Special Report: Murder Mystery Lingers Decade Later
Updated: Monday, February 25 2013, 01:03 PM EST
It is a mystery that haunts a city a decade later. Three elderly women found dead just months apart, under strikingly similar circumstances, but only one called a "homicide".
One night August of 2003, no one answered the phone at 85-year-old Lottie Ledford's small, white Elm Street home.
Her worried niece went over and found the door ajar. She called police and, when they went inside, they found Ledford in her nightgown, on the bed, dead.
"I kind of got hit with a curveball right at the beginning," said Clay-Barnette Funeral Home Director Eric Bester, who prepared Ledford for burial. "Her nephew had asked me, 'had I noticed anything unusual with the body?', and I thought for a moment and said 'Well I'll just go check."
Bester said, looking at the body that day: "Things became very clear at that point something wasn't correct."
Bester believes Ledford was murdered, in what would be the first of three mysterious deaths in Shelby in a span of weeks.

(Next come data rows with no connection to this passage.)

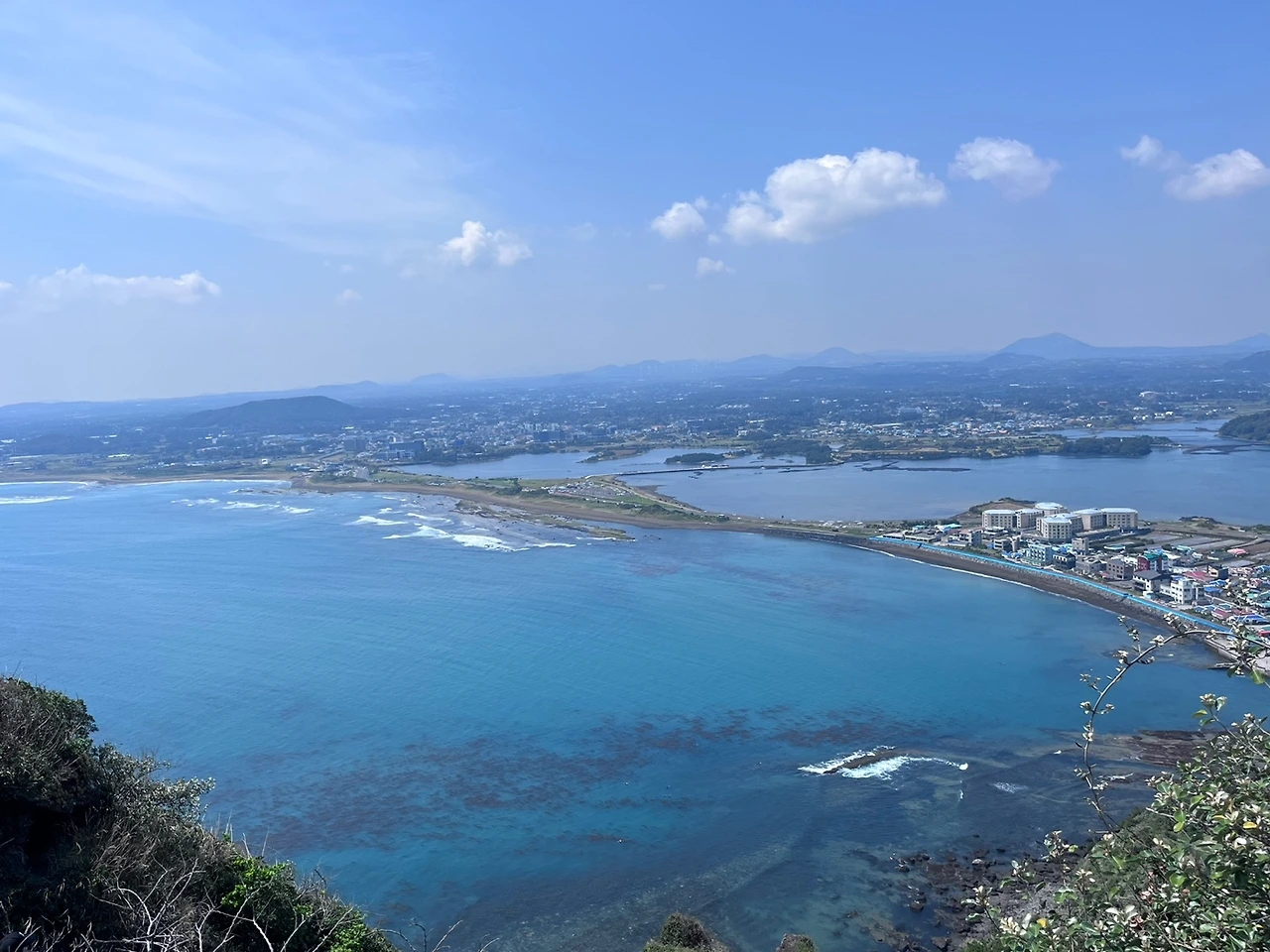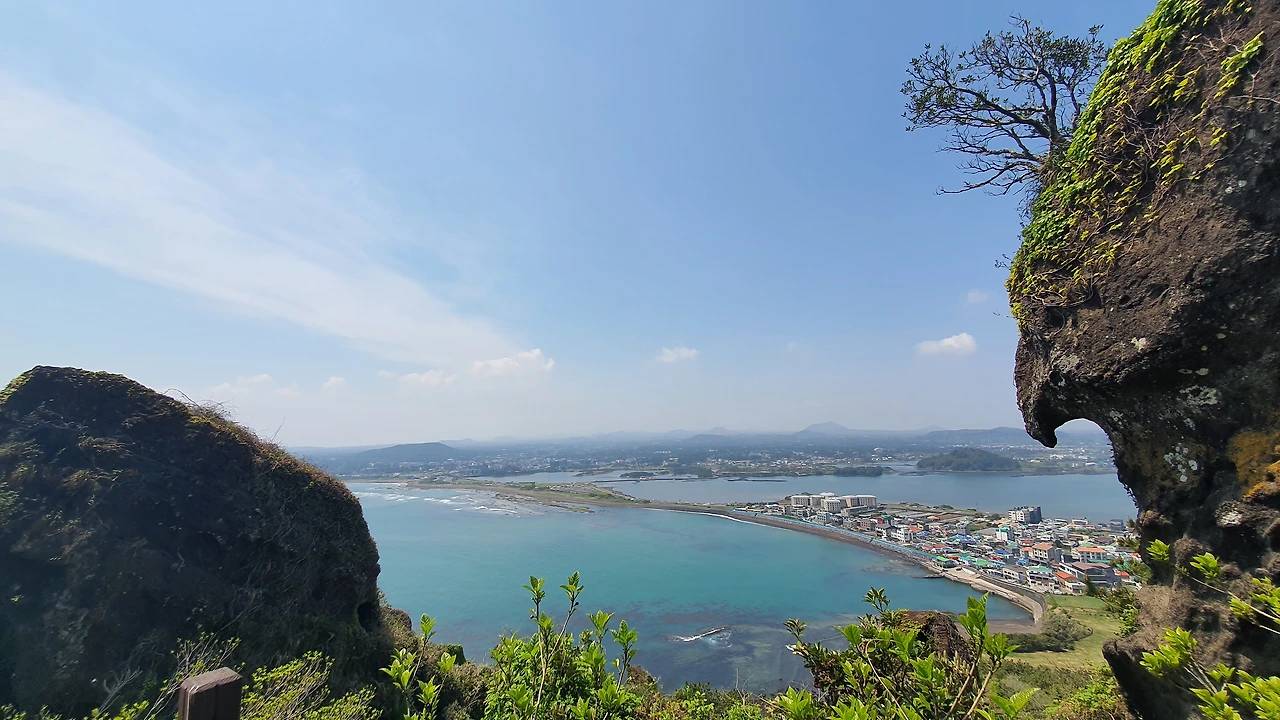 삼분의 이쯤 올라갔나 그렇게 힘들다던 사람들이 "우와! 우와" 거린다. 뒤를 돌아보니 성산 주위가 한눈에 쫙 그림처럼 펼쳐진다.
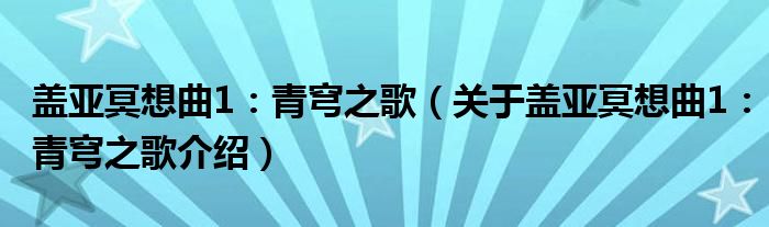 盖亚冥想曲1:青穹之歌(关于盖亚冥想曲1:青穹之歌介绍)
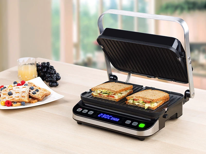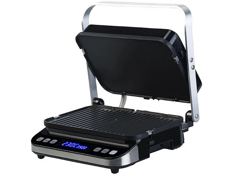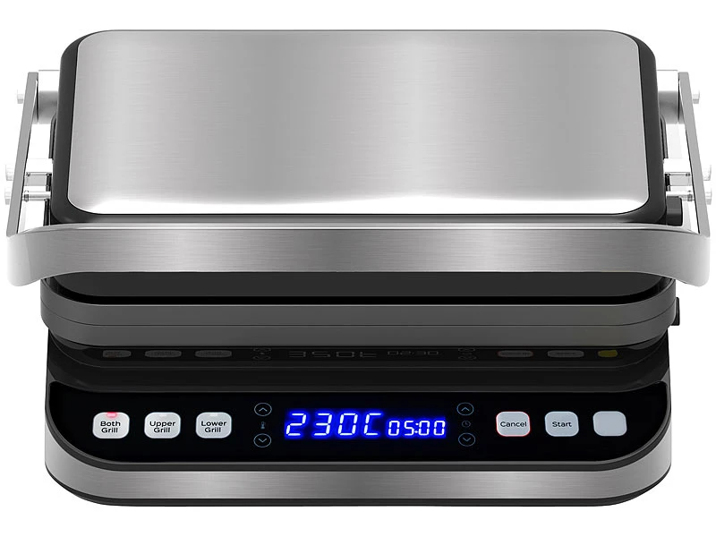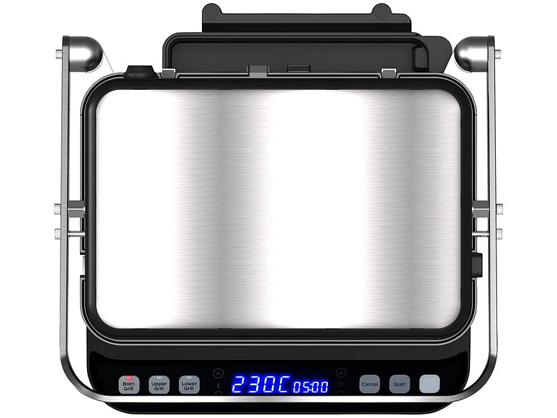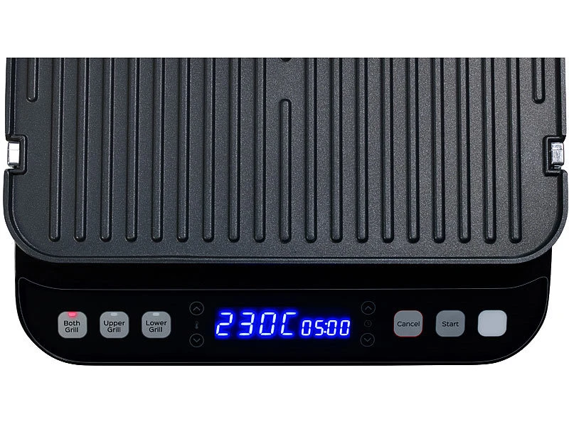 - Separat steuerbare Grillflächen: untere Grillplatte, obere Grillplatte, beide Grillplatten
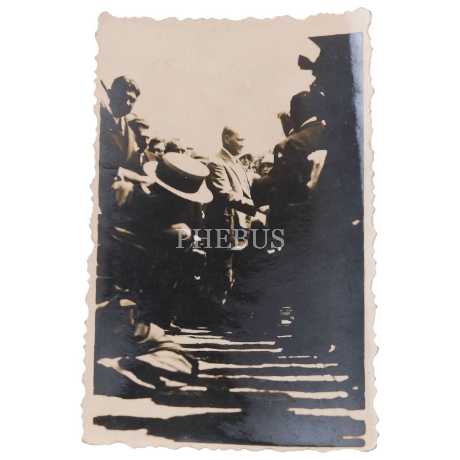 Mustafa Kemal Atatürk´ün, bir şehir ziyaretinde halkla selamlaşırken görüldüğü nadir bir fotoğrafı, 6x9 cm...
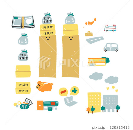 年収の壁にまつわるアイコン集 セットのストックイラスト素材
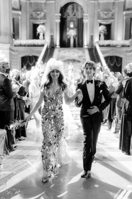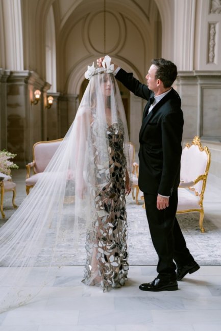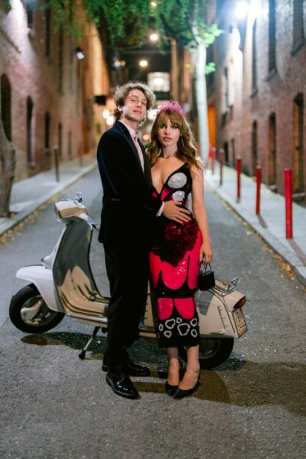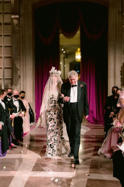 Свадьба Айви Гетти и Тобиаса ЭнгеляСвадьба началась с вечеринки British Invasion Mod Party во Дворце изящных искусств в Сан-Франциско в четверг вечером. Вдохновением для гуляний послужил научно-фантастический фильм 1968 года режиссера Жан-Клода Фореста «Барбарелла». Организаторам мероприятия потребовалось семь дней, чтобы переосмыслить то, что обычно выглядит как авиационный ангар внутри, в полноценный ночной клуб с блестящими серебряными стенами. «Накануне я знала, что стены были серебряными, и больше ничего не знала», — признается Гетти.
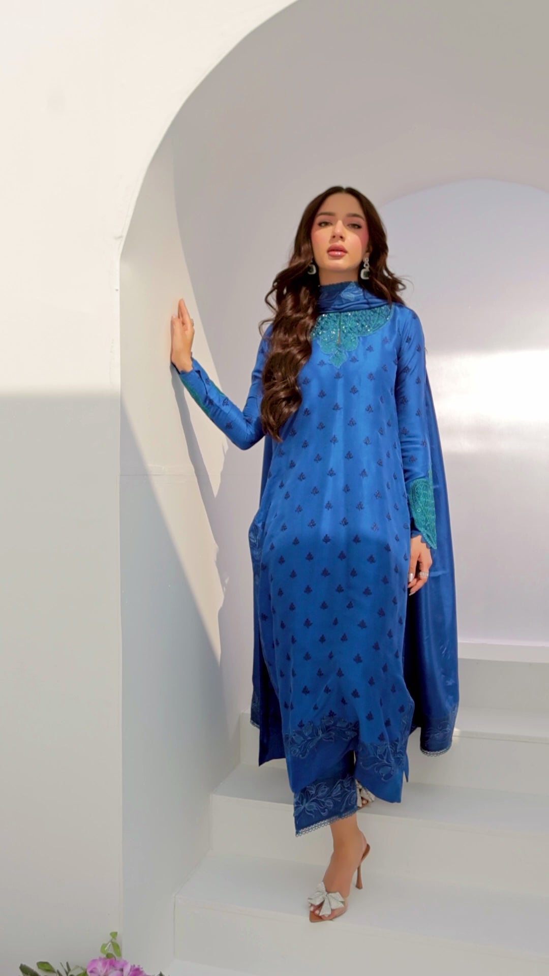A lush ocean blue is richly embroidered with silk thread work and while the universally flattering neckline and sleeves are adorned with an array of sparkling Swarovski crystals, pearls and sequins. Delicate embroidered motifs add the perfect amount of glamour.
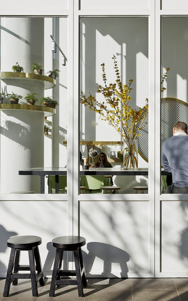 Now on my list of places to visit — soon! Love the light, the feeling of spaciousness, the sweet typography, the tiles segueing into the concrete floor, and most of all that très élégant interlocking-rings pendant light. Just stunning.
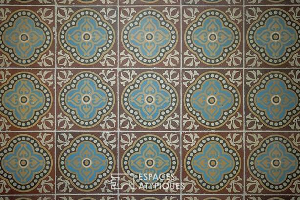 The beautiful front door of the small condominium of 4 lots opens onto a wooden staircase, flanked by a very pretty stone wall completely renovated, and a floor made of antique cement tiles.
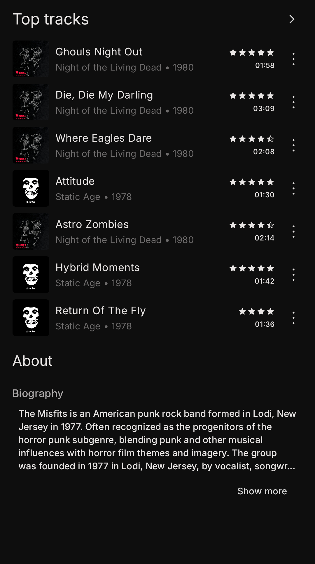 And here are more different color artists pages in my configuration for both white and dark themes.
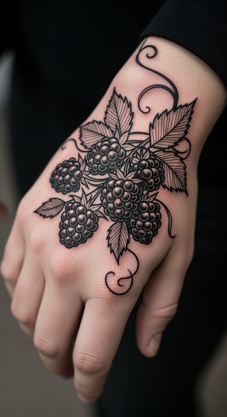 Think simple lines for a clean look. A minimalist blackberry cluster fits on small spots like your wrist. Start with a basic sketch on paper. Use a fine-tip pen to draw it yourself at home. This saves money on custom art. Pick a local artist who does line work. They charge less for simple designs. Go for black ink to keep costs down. Add a tiny thorn for a personal touch. Cover it with sunscreen daily to protect the ink. Try a temporary tattoo first to test the feel. This way, you avoid regrets. Keep the design under 2 inches for easy hiding. Pair it with daily routines, like glancing at it during work breaks. Make your own stencil using online templates and a printer. It costs under $5. Focus on what matters most in your life story.
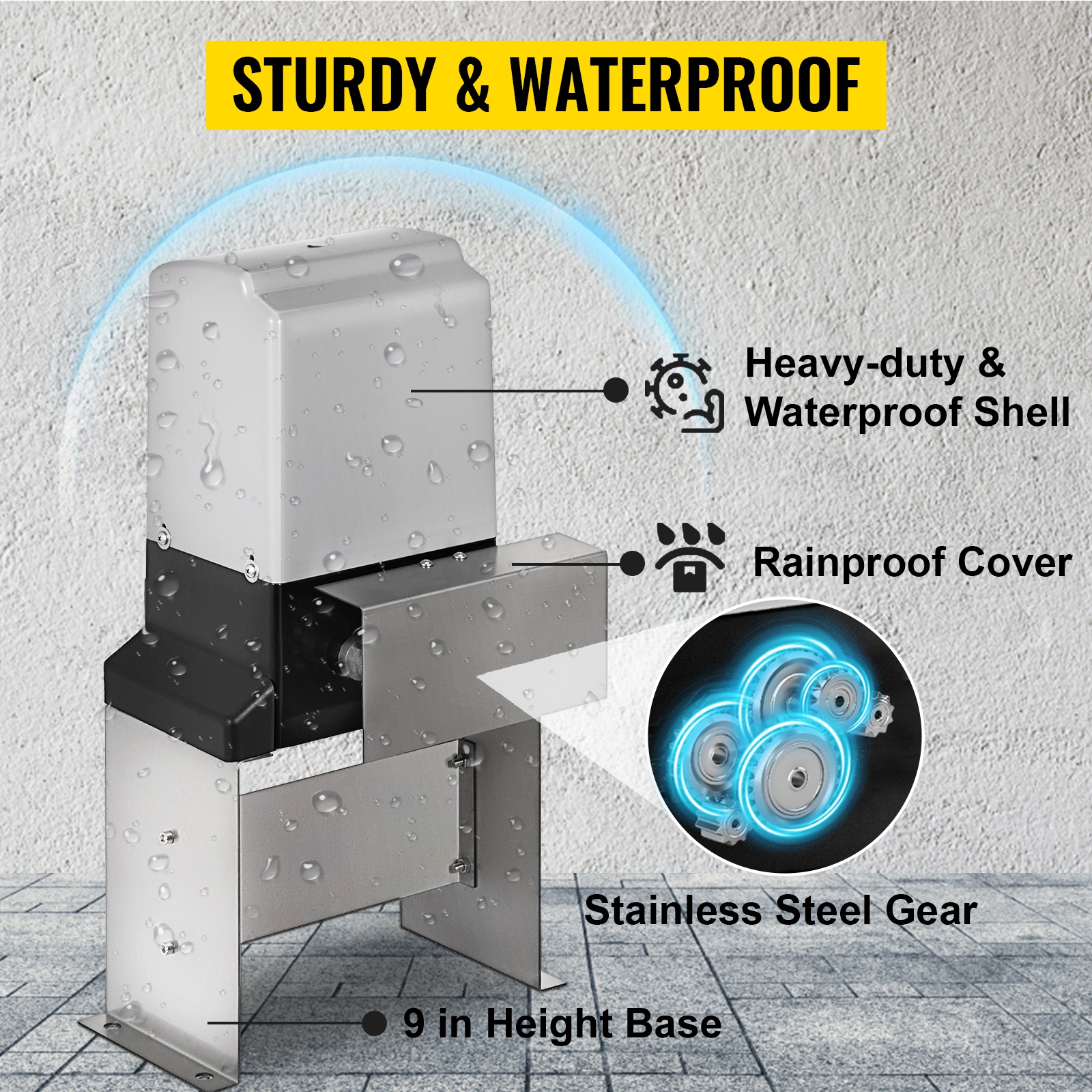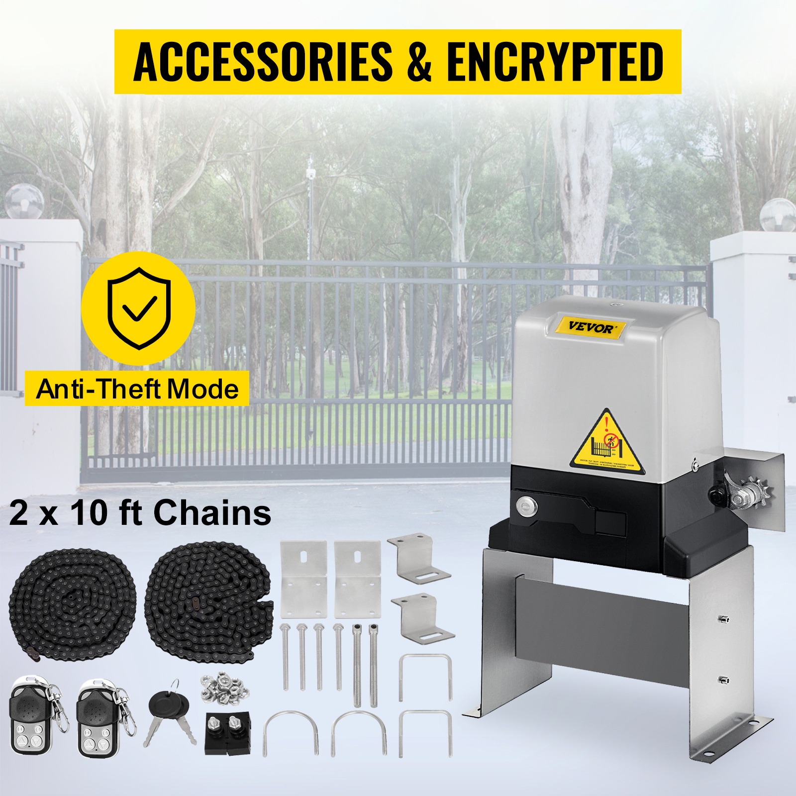 Mekaaninen liukuportin avaaja lisää kiinteistösi turvallisuutta ja helpottaa arkea. Laite liikuttaa jopa 3100 lbs / 1400 kg painoisia portteja ja mukana tulee 2 langatonta kaukosäädintä sekä 2 x 10 ft ketjua. Sähkökatkon varalta paketissa on 2 hätävapautusavainta, joiden avulla portin voi avata käsin. Turvatoiminto pysäyttää ja kääntää portin, jos anturi havaitsee esteen, mikä suojaa erityisesti lapsia ja lemmikkejä.

"There were markings on her nostrils and on the bridge of her nose - almost to the appearance as if it was pinched, and there were heavy bruising on the corner of her mouth - like where a hand would have been pressed over her mouth." said Bester, recalling what the body looked like that day. "And a scratch almost like a scratch that came down the side of her face, as if it was her own hand that tried to pull a hand off of her face."
The autopsy report listed the cause of death as heart attack and police say there wasn't enough evidence to call it murder.
"My concern was, if she was struggling, it wouldn't have taken much for her to have a heart attack if she was being - in a struggle at that point," said Bester.
In September, four weeks later, another death, at a home on Railroad Avenue - just blocks from Ledford's home.
Seventy-nine-year-old Margaret Tessener was also found dead in her bed, a pathologist concluding that she had been raped, beaten and likely suffocated.
And then two months later - a third death.
"I hadn't seen her in a couple days and the newspapers were piling up here, so that's when I got suspicious," said Leon Thurman Sr., who had lived across the Street from 87-year-old Lillian Mullinax.
Thurman says he worried when he didn't see her out watching kids board the school bus and noticed the front door left cracked open for days and he called police.
When the officer arrived he told Thurman that Mullinax was laying on her bed, dead.
In all three deaths the phone lines were cut at the homes, and the doors left cracked open.
"She don't let no one in the house, that's why I thought it was real suspicious when I see him come out the front door," said Thurman standing in Mullinax's front yard.
Thurman said he saw Donald Eugene Borders - man he recognized as a regular around the neighborhood - walking off of Mullinax's porch days before she was found dead.
"I asked what was he doing over there, and he didn't say nothing," said Thurman. "He ... went walkin down the street."
As police investigated the deaths, they noted the similarities but didn't notify the public.
Bester says Ledford's nephew put a notice in the paper: had there been any other mysterious deaths?
"When we saw that there were two others with very similar circumstances, it all started adding up - it really did," said Bester.
Now it was out in the open - haunting the streets of Shelby.
"People were talking about being afraid, and keeping the doors locked," says Billie Rizhallah, who was born and raised in Shelby.
"I think everybody was worried about it because you know, somebody got killed in your neighborhood and you don't know who done it," said Sherwood Gill who lived just around the corner from Ledford's house.
Six years later, Borders was arrested.
But not in Lillian Mullinax's murder - where he was spotted on the porch.
His DNA matched a sample taken from the crime scene of Margaret Tessneer.
"The jury concluded that he was guilty of first degree murder," said Borders' attorney David Teddy. "I respect the jury's decision."
Borders was convicted in January. While the Tessener case is now closed, the Ledford and Mullinax cases are cold.
"Any normal person would look at that and say 'The similarities are so close, the similiarities are so close that we feel certain this individual is responsible'," said Shelby Police Department Captain Rick Stafford. "But in the court of law, we have to go and prove that beyond [a doubt], and right now we just can't."
"I know what I saw, and I think the coronor knows what he saw, and I think the family knows what they saw," says Bester. "And I think sometimes things are unexplained - but I think sometimes the unexplained tells a story in its own."